No, unique visitors to a website do not follow a power law.
In the last few years, there has been increasing rigor in testing power law claims (e.g., Clauset, Shalizi and Newman 2009). Apparently, past claims often weren't well tested and it was common to plot the data on a log-log scale and rely on the "eyeball test" to demonstrate a straight line. Now that formal tests are more common, many distributions turn out not to follow power laws.
The best two references I know that examine user visits on the web are Ali and Scarr (2007) and Clauset, Shalizi and Newman (2009).
Ali and Scarr (2007) looked at a random sample of user clicks on a Yahoo website and concluded:
Prevailing wisdom is that the distribution of web clicks and pageviews follows a scale-free power law distribution. However, we have found that a statistically significantly better description of the data is the scale-sensitive Zipf- Mandelbrot distribution and that mixtures thereof further enhances the fit. Previous analyses have three disadvantages: they have used a small set of candidate distributions, analyzed out-of-date user web behavior (circa 1998) and used questionable statistical methodologies. Although we cannot preclude that a better fitting distribution may not one day be found, we can say for sure that the scale-sensitive Zipf-Mandelbrot distribution provides a statistically significantly stronger fit to the data than the scale-free power-law or Zipf on a variety of verticals from the Yahoo domain.
Here is a histogram of individual user clicks over a month and their same data on a log-log plot, with different models they compared. The data are clearly not on a straight log-log line expected from a scale-free power distribution.
Clauset, Shalizi and Newman (2009) compared power law explanations with alternative hypotheses using likelihood ratio tests and concluded both web hits and links "cannot plausibly be considered to follow a power law." Their data for the former were web hits by customers of the America Online Internet service in a single day and for the latter were links to web sites found in a 1997 web crawl of about 200 million web pages.

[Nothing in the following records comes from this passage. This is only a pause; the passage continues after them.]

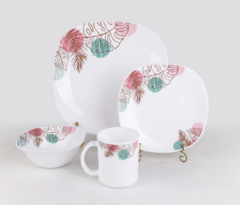 Opal glass Mug: 4PCS, Spinning square bowl: 4PCS, Square plate 110: 4PCS, Square plate 8.0: 4PCS Yes White Yes Multi-colored Leafs Yes Yes 1 5.4
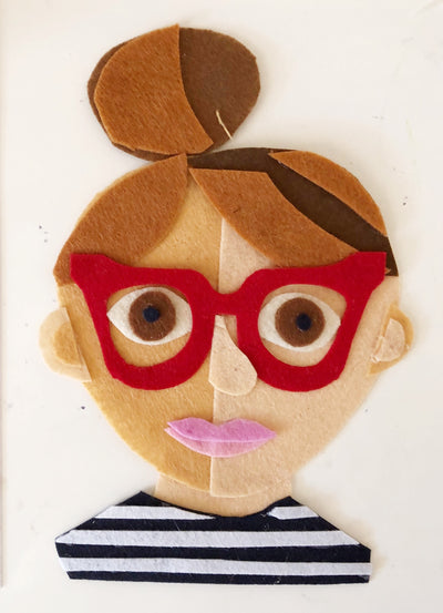 Sam Sidney is originally from New York, and moved to Charleston in 2007. She studied Studio Art at Skidmore College in Saratoga Springs, and earned a Masters in Art Education from NYU. For many years she was an illustrator, but it wasn’t until the quarantine that she started working with felt. She promised herself she would do an art project with her kids each day. One day, she pulled out a small box of felt and made some collages. She made a self portrait out of felt, posted it online, and the rest is history! She free hand cuts felt pieces to create protists of celebrities, pets, food and drinks. When she is not making things out of felt, you can find her at the beach with her 4 kids and 2 dogs.
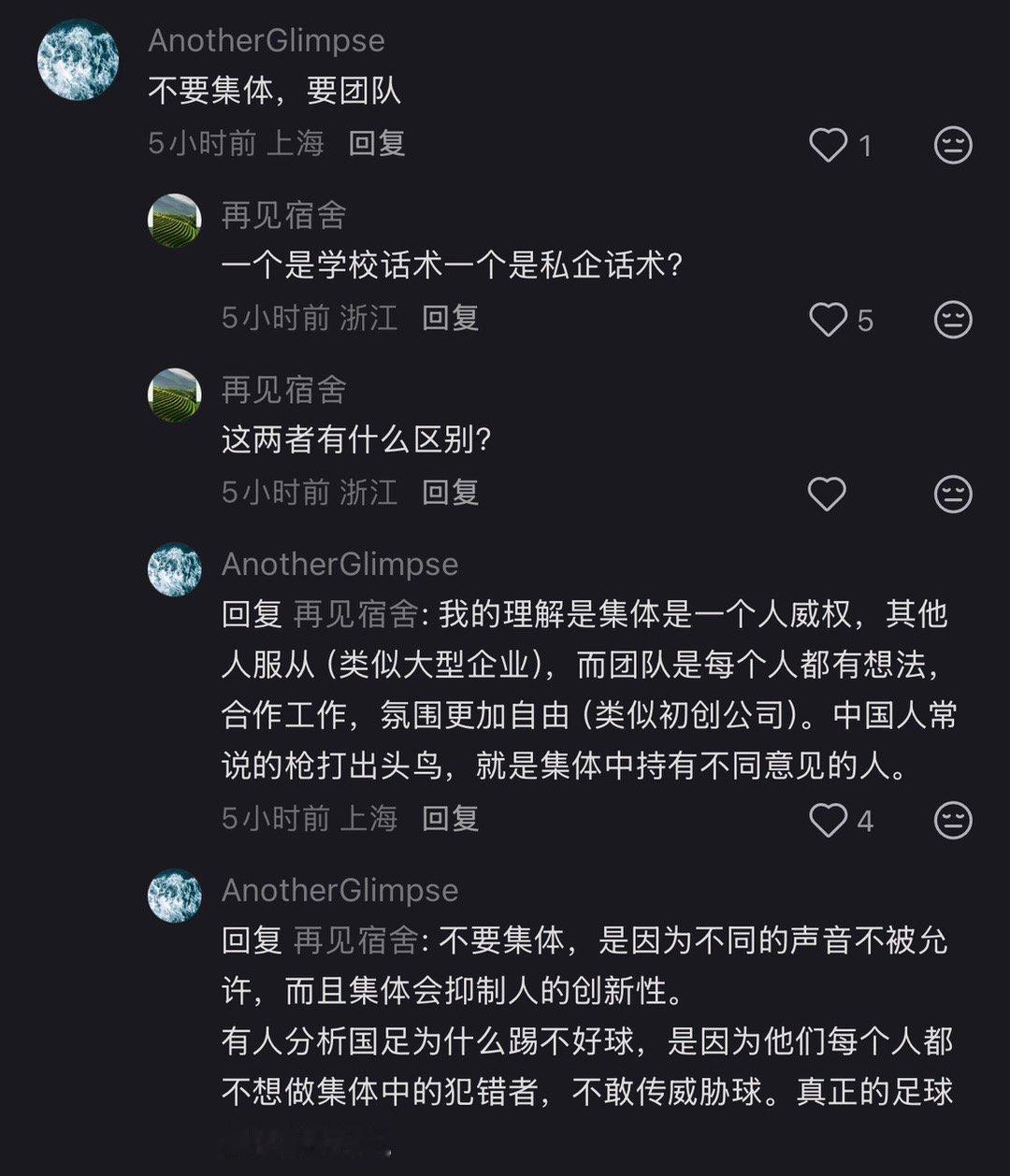 挺同意图二的观点,感觉我们的三大球应该更注重团队协作。集体主义你可以把它当成价值取向和精神内核,团队则是具体的组织形态和协作体系,由有共同目标的个体组成,侧重分工、配合、战术执行等实操层面的协同模式。团队这个概念里,它既有集体主义的利益统一属性,又有明确的分工、清晰的协作流程和个体价值的合理发挥,能在保障集体目标的同时,让每个成员的能力有具体的施展空间,避免了单纯强调集体主义可能带来的个体能动性压抑。

The below images give the cumulative distribution functions P(x) and their maximum likelihood power-law ﬁts.
For both these data sets, Clauset, Shalizi and Newman found that power distributions with exponential cutoﬀs to modify the extreme tail of the distribution were clearly better than pure power law distributions and that log-normal distributions were also good fits. (They also looked at exponential and stretched exponential hypotheses.)

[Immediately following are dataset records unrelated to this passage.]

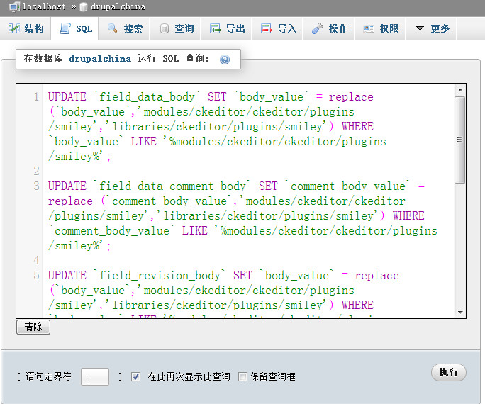 这里我使用的是phpmyadmin来操作的,首先是要进入phpmyadmin的界面,搜索想被替换的字符:“modules/ckeditor/ckeditor/plugins/smiley”:
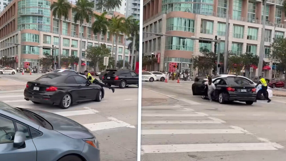 Een agent van de politie in Miami is gefilmd terwijl hij op een bestuurder schiet, terwijl hij zelf op de motorkap van diens rijdende BMW ligt. De beelden, gedeeld via instagram, laten zien hoe de agent op z’n buik over de motorkap hangt en drie keer vuurt door de voorruit. Wonder boven wonder stopt de auto en stapt de bestuurder uit met z’n handen omhoog. Even later wordt hij afgevoerd in handboeien.
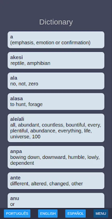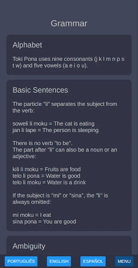 It is a minimalist language, composed of only 14 phonemes and 120 words (currently there are some other unofficial words).
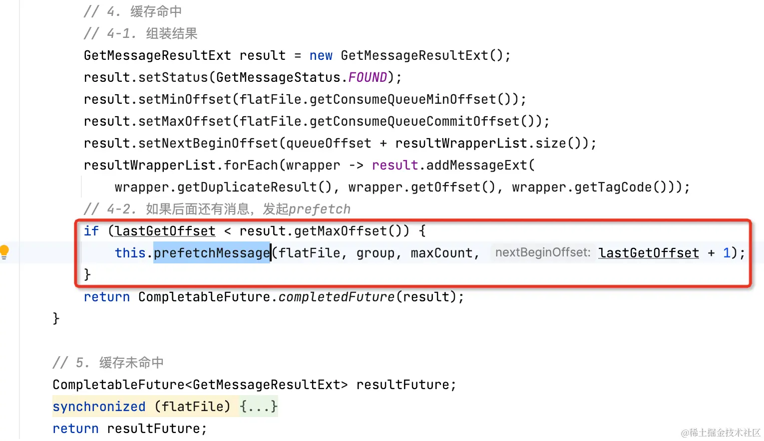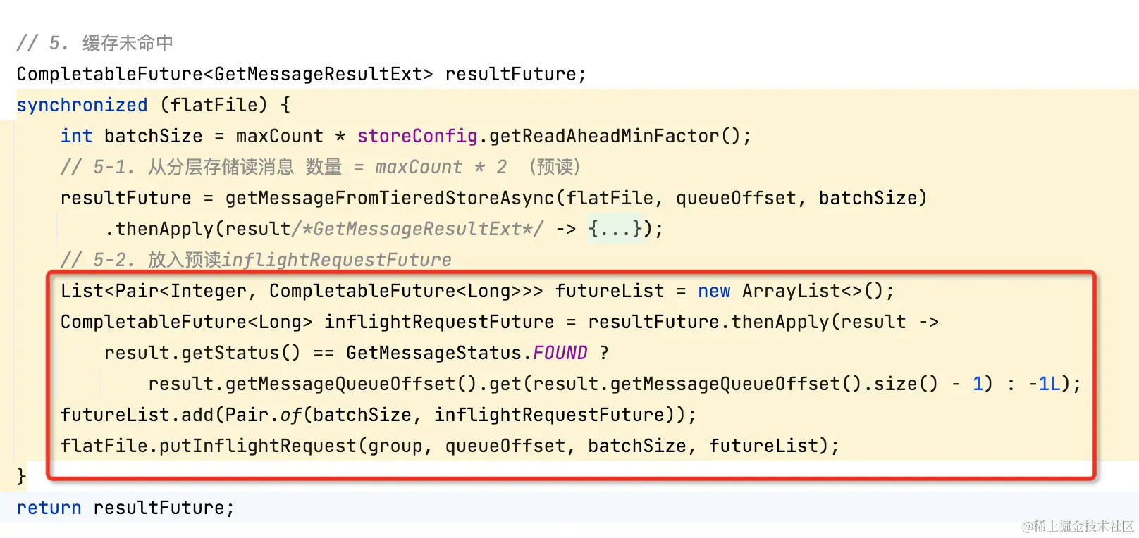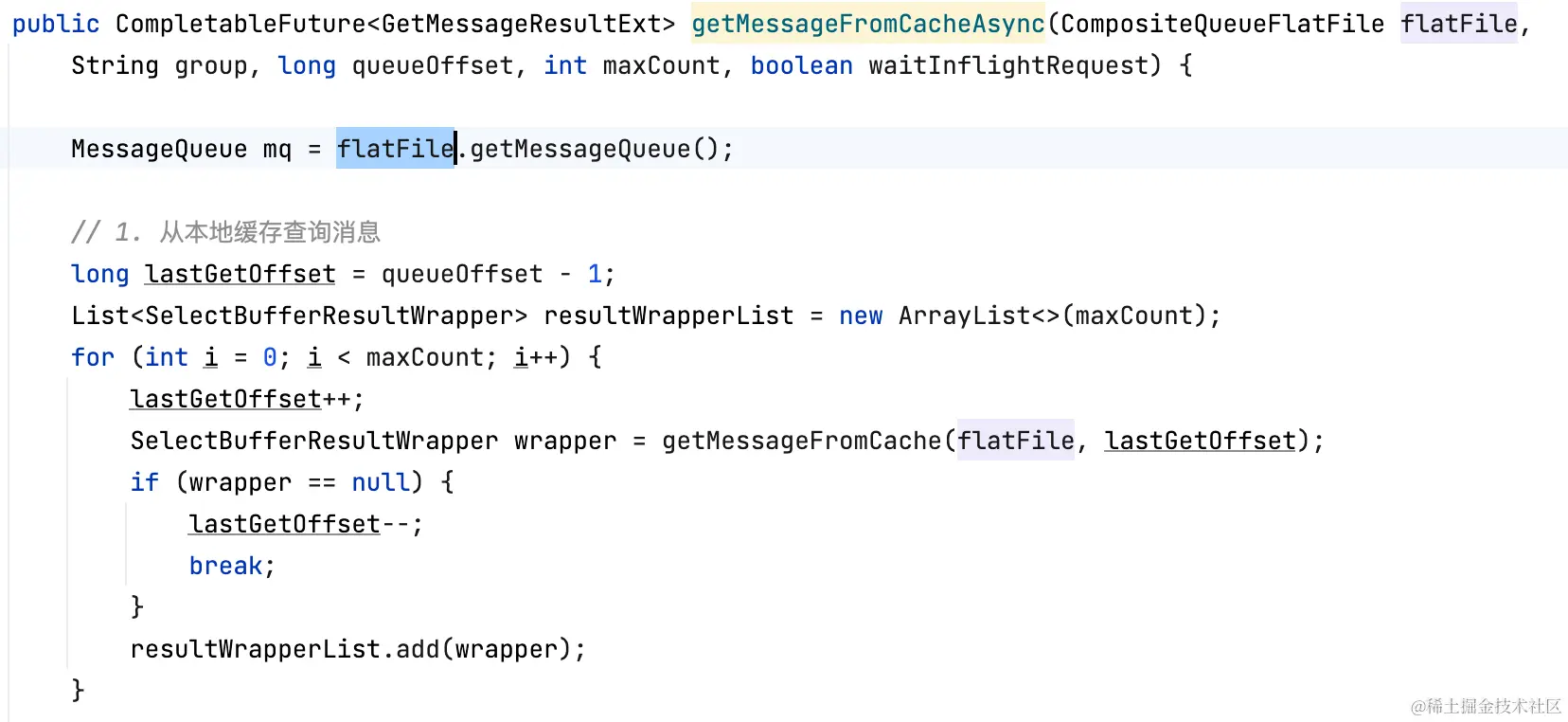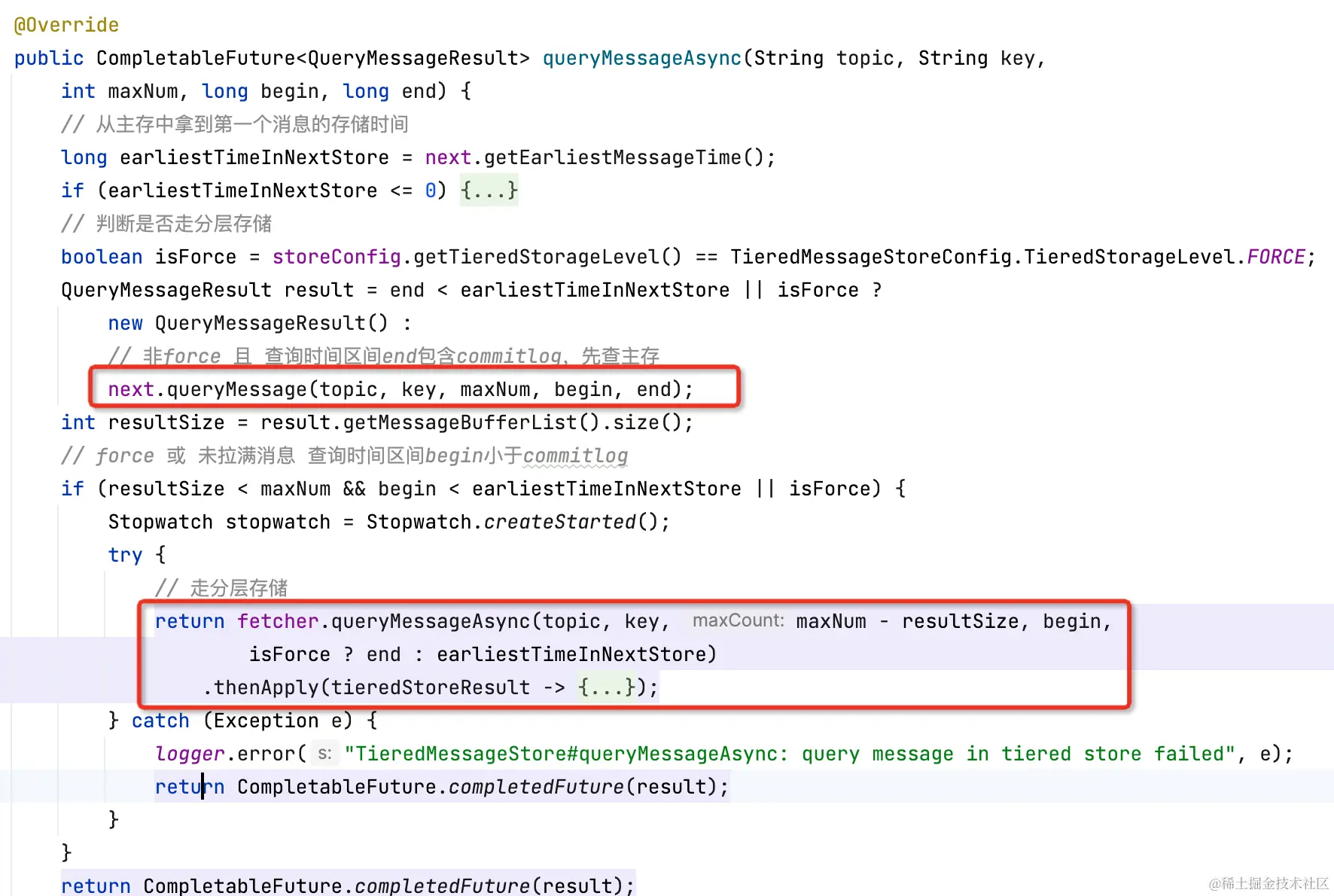分层存储拉消息逻辑和Cache Aside类似,先读本地缓存(caffeine),如果缓存未命中,再走segment#read0(用户逻辑)读。

If you have a dataset in hand and are not just idly curious, you should fit it with different models and compare them (in R: pchisq(2 * (logLik(model1) – logLik(model2)), df = 1, lower.tail = FALSE) ). I confess I have no idea offhand how to model a zero-adjusted ZM model. Ron Pearson has blogged about ZM distributions and there is apparently an R package zipfR. Me, I would probably start with a negative binomial model but I am not a real statistician (and I'd love their opinions).
(I also want to second commenter @richiemorrisroe above who points out data are likely influenced by factors unrelated to individual human behavior, like programs crawling the web and IP addresses that represent many people's computers.)